I feel S&B is the only place for a question like this, so here goes:

I was just watching the 'who's online' option (shame you can't wave at those people who are doing the same thing at the same time) but I noticed about a dozen 'Yahoo! Slurp Spider's'.  

What on earth are those? The name sounds like some sort of semi-danger from a very lousy science fiction story, but I do not suppose I have to get me a rolled up newspaper next time I log in?


----------



## Thorondor_ (Oct 4, 2005)

Hehe, the subject of bots has appeared before. As far as I understood, they (these "bots") are automated programs which index various sites in order to perform (later) searches (these indexes are the reason which for you can search online for 8 billion pages in 0.01 secs, while it takes a minute or so to search several hundred files on your pc).


----------



## DGoeij (Oct 4, 2005)

That's a very good explanation for a not very technical, yet not entirely stupid person like me. 

Thanks.


----------



## Thorondor_ (Oct 4, 2005)

You are welcome. Apparently, the new version of windows, Vista, (the previous Longhorn), will have such fast search capabilities. But I think that also Google has something good for us in store. Can't wait to try'em


----------



## Walter (Oct 4, 2005)

DGoeij said:


> I feel S&B is the only place for a question like this, so here goes:
> 
> I was just watching the 'who's online' option (shame you can't wave at those people who are doing the same thing at the same time) but I noticed about a dozen 'Yahoo! Slurp Spider's'.
> 
> What on earth are those? The name sounds like some sort of semi-danger from a very lousy science fiction story, but I do not suppose I have to get me a rolled up newspaper next time I log in?



Big fat nasty spiders crawling all over the web, slurping up all the contents they can find, and growing ever some more...


----------



## David Pence (Oct 4, 2005)

Actually, check out Google's Desktop ...


----------



## DGoeij (Oct 4, 2005)

And what do you know, 'Eight legged freaks' is shown on dutch TV tonight.

Google's desktop?
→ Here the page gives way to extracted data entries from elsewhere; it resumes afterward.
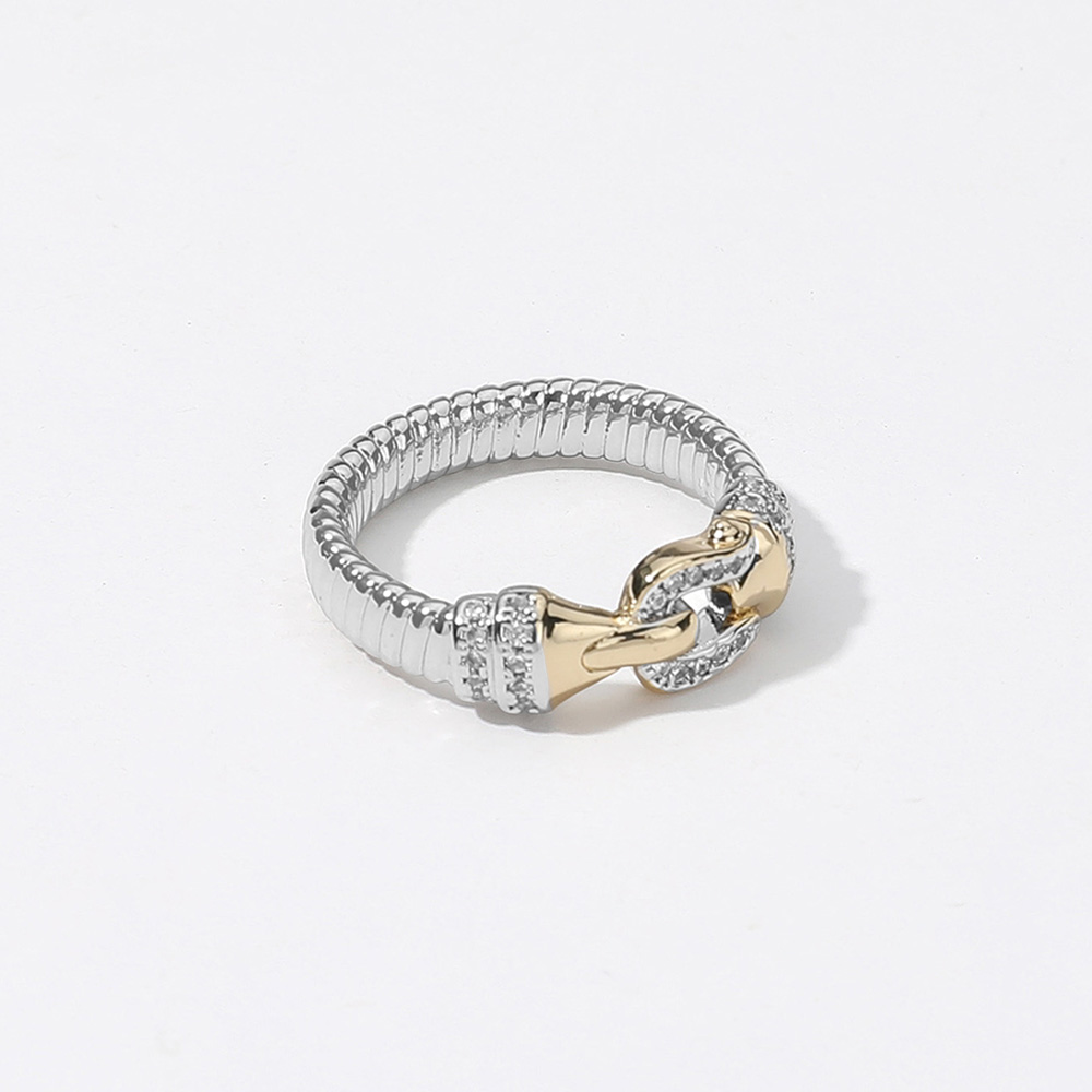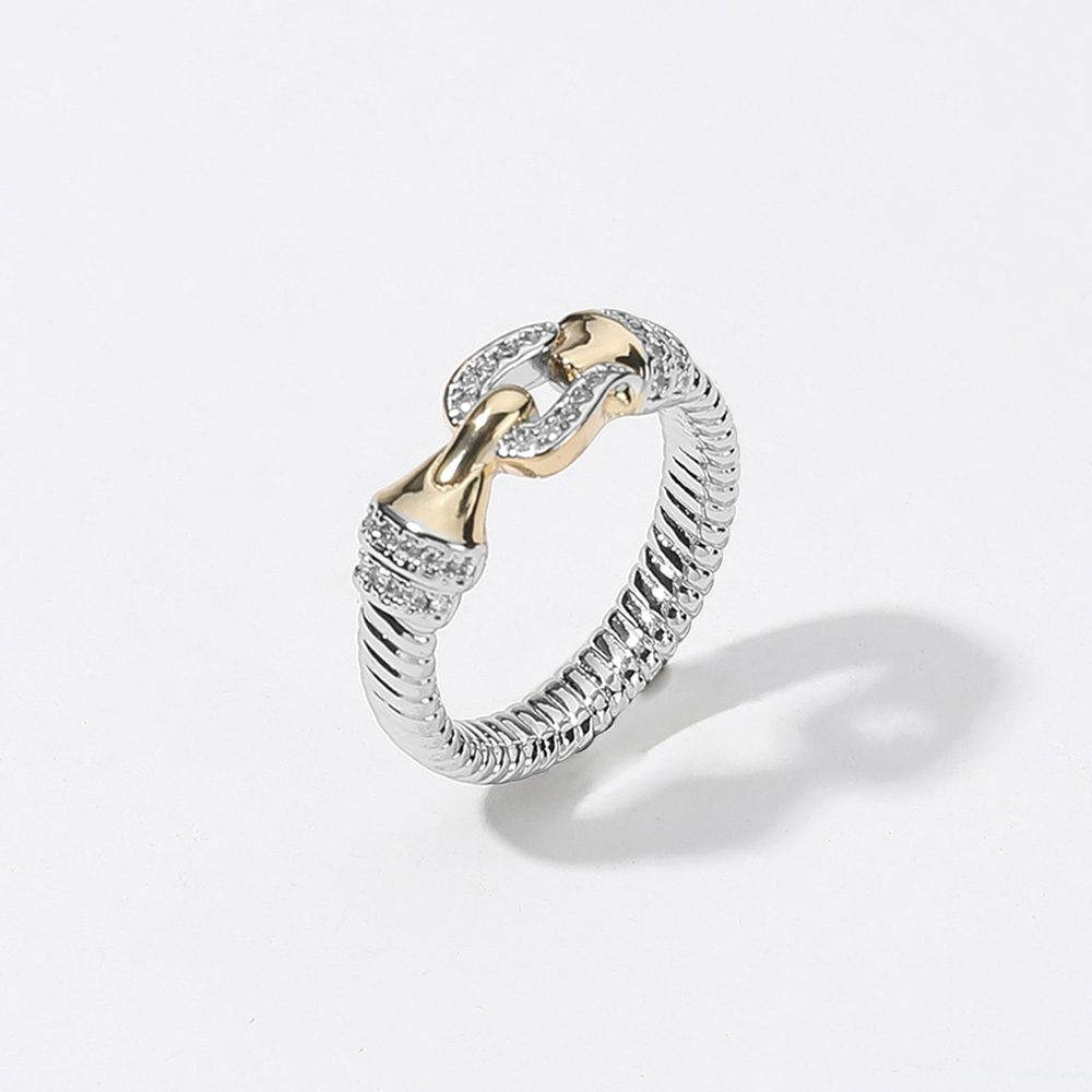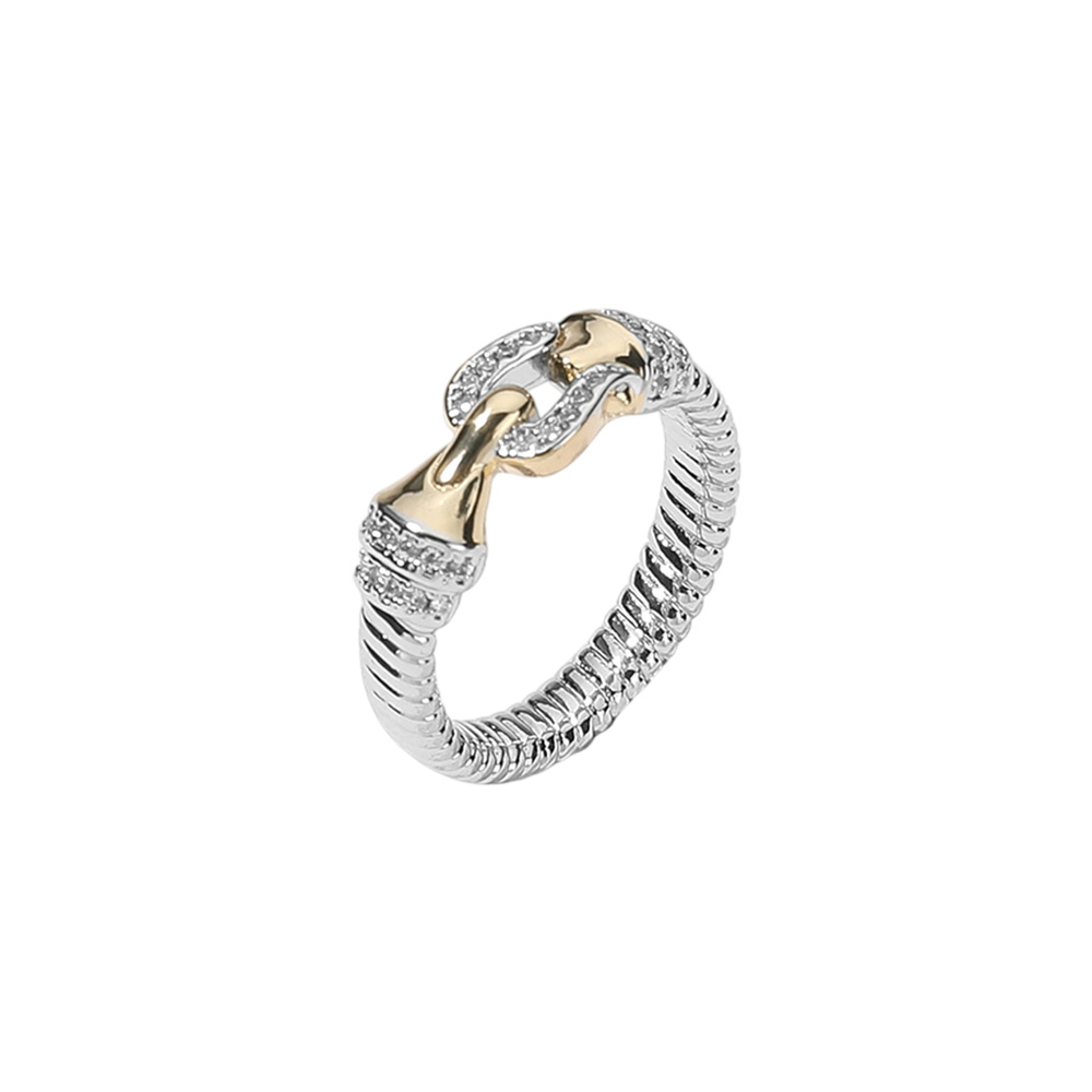 Details • Size : 0.25" H • Elevate your style with this two-tone link design ring, featuring a sleek band accented with sparkling details. Its modern yet timeless look makes it the perfect statement piece for stacking, everyday wear, or gifting, offering a touch of elegance to any outfit. • CZ Cubic Zirconia
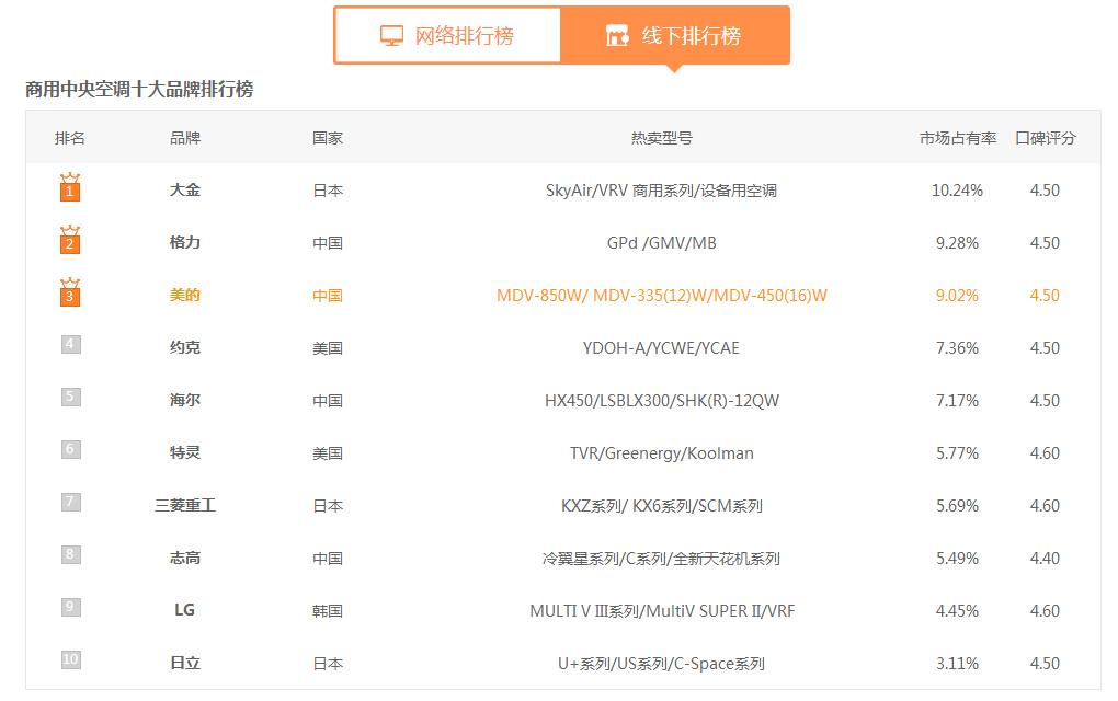 目前,辦公樓、商場(chǎng)、酒店等大型場(chǎng)所都使用中央空調(diào),因?yàn)槠胀ǹ照{(diào)的功能滿足不了這些場(chǎng)所的需求。商用中央空調(diào)有哪些牌子?三菱電機(jī)、美的、大金、格力、海爾、日立、特靈、開利、約克、麥克維爾、東芝、遠(yuǎn)大等眾多世界知名中央空調(diào)品牌排名如下:
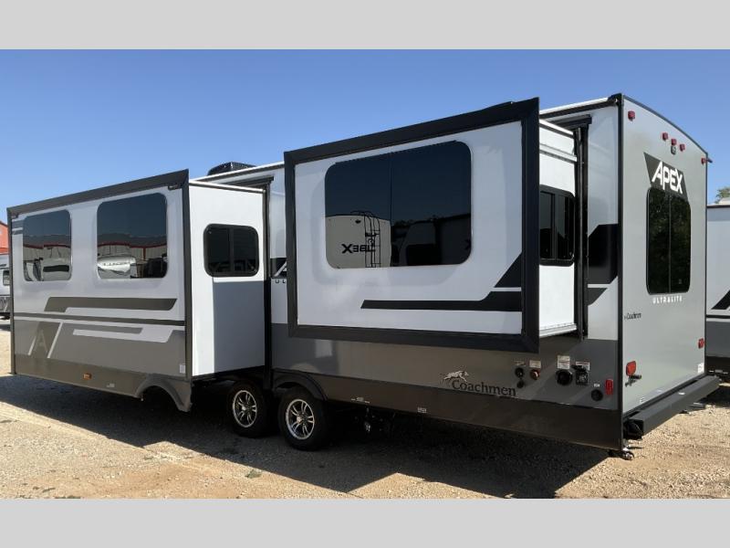Lightweight living and camping is found with the Apex Ultra-Lite travel trailers by Coachmen. These eco-friendly units are made to last thanks to the Azdel composite sidewalls, the laminated aluminum floor, and the vacuum-bonded laminated crowned roof. Lippert axles and nitrogen filled radial tires make towing easier than ever, plus there is a friction hinge entrance door, a 100-watt solar panel with a 10 Amp control charger, and slam latch baggage door catches for easy unloading. Some of the interior comforts you'll fall in love with are the one-piece seamless edge countertops, the hard valances with night shades throughout, the matte black hardware, and the residential comforter. The Apex Ultra-Lite trailers also include USB ports, a digital TV antenna with cable hook-ups and Wi-Fi capability, and an AM/FM stereo with Bluetooth to ensure you'll never be bored on rainy camp days!

What does that do? I'm currently having fun with Google.earth. I found the region where my girlfriend went on her holiday and she recognised the moutain ranges that this program produced. That was fun. Pearl Harbour is neat as well.


----------



## Sammyboy (Oct 4, 2005)

DGoeij said:


> I feel S&B is the only place for a question like this, so here goes:
> 
> I was just watching the 'who's online' option (shame you can't wave at those people who are doing the same thing at the same time) but I noticed about a dozen 'Yahoo! Slurp Spider's'.
> 
> What on earth are those? The name sounds like some sort of semi-danger from a very lousy science fiction story, but I do not suppose I have to get me a rolled up newspaper next time I log in?


 
Maybe they're distant, hi-tech relatives of Shelob!


----------



## Thorondor_ (Oct 4, 2005)

> Google's desktop? What does that do?


# Get all your personalized info in one place with Sidebar
# Launch applications and search instantly with Quick Find
# Find all your email, files, photos, web history, Gmail, and more
# Search conveniently in Outlook with the Outlook Toolbar 
So it's here .. David, if you tried it, what are your impressions of it?


----------



## Wraithguard (Oct 4, 2005)

DGoeij said:


> And what do you know, 'Eight legged freaks' is shown on dutch TV tonight.
> 
> Google's desktop? What does that do? I'm currently having fun with Google.earth. I found the region where my girlfriend went on her holiday and she recognised the moutain ranges that this program produced. That was fun. Pearl Harbour is neat as well.


 
Although Harbour is the correct spelling, the actual spelling of the place is indeed "Pearl Harbor".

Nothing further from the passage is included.